The implementations of the present invention may be implemented by various means such as hardware, firmware, software, or a combination thereof. In a hardware configuration mode, the method according to an exemplary implementation of the present invention may be implemented through one or more ASICs, a digital signal processor (DSP), a DSP device (DSPD), a programmable logic device (PLD), a field programmable gate array (FPGA), a processor, a controller, a micro-controller, a microprocessor, and the like. In a firmware or software configuration mode, the implementations of the present invention may be implemented in the form of components, processes, functions, and the like. Software code may be stored in a memory component and executed by a processor. The memory component is located inside or outside the processor, and may send data to and receive data from the processor by various known means.

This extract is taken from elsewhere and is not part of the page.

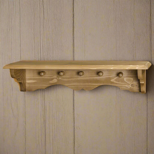 Unsere Hakenleiste mit Regal wird aus hochwertigem Fichtenholz gefertigt, das für seine Langlebigkeit und natürliche Schönheit bekannt ist. Der Landhausstil verleiht Ihrem Raum eine warme und einladende Atmosphäre. Die robuste Bauweise garantiert, dass Sie lange Freude an diesem Möbelstück haben werden.

An embodiment of the present invention further provides a computer program product, including a computer program/instruction, the computer program/instruction, when executed by a processor, implementing the method for fusing a plurality of signals provided in the embodiments of the present invention.

The foregoing descriptions of the disclosed embodiments enable a person skilled in the art to implement or use embodiments of the present invention. Various modifications to these embodiments are apparent to a person skilled in the art, and general principles defined in this specification may be implemented in other embodiments without departing from the spirit or scope of the present invention. Therefore, the scope of the present invention is not to be limited to these embodiments described herein, but accords with the widest scope consistent with the principles and novel features disclosed herein.

Although embodiments of the present invention are disclosed above, the scope of the present invention is not limited thereto. A person skilled in the art can make various changes and modifications without departing from the spirit and the scope of the present invention. Therefore, the protection scope of the present invention should be subject to the scope defined by the claims.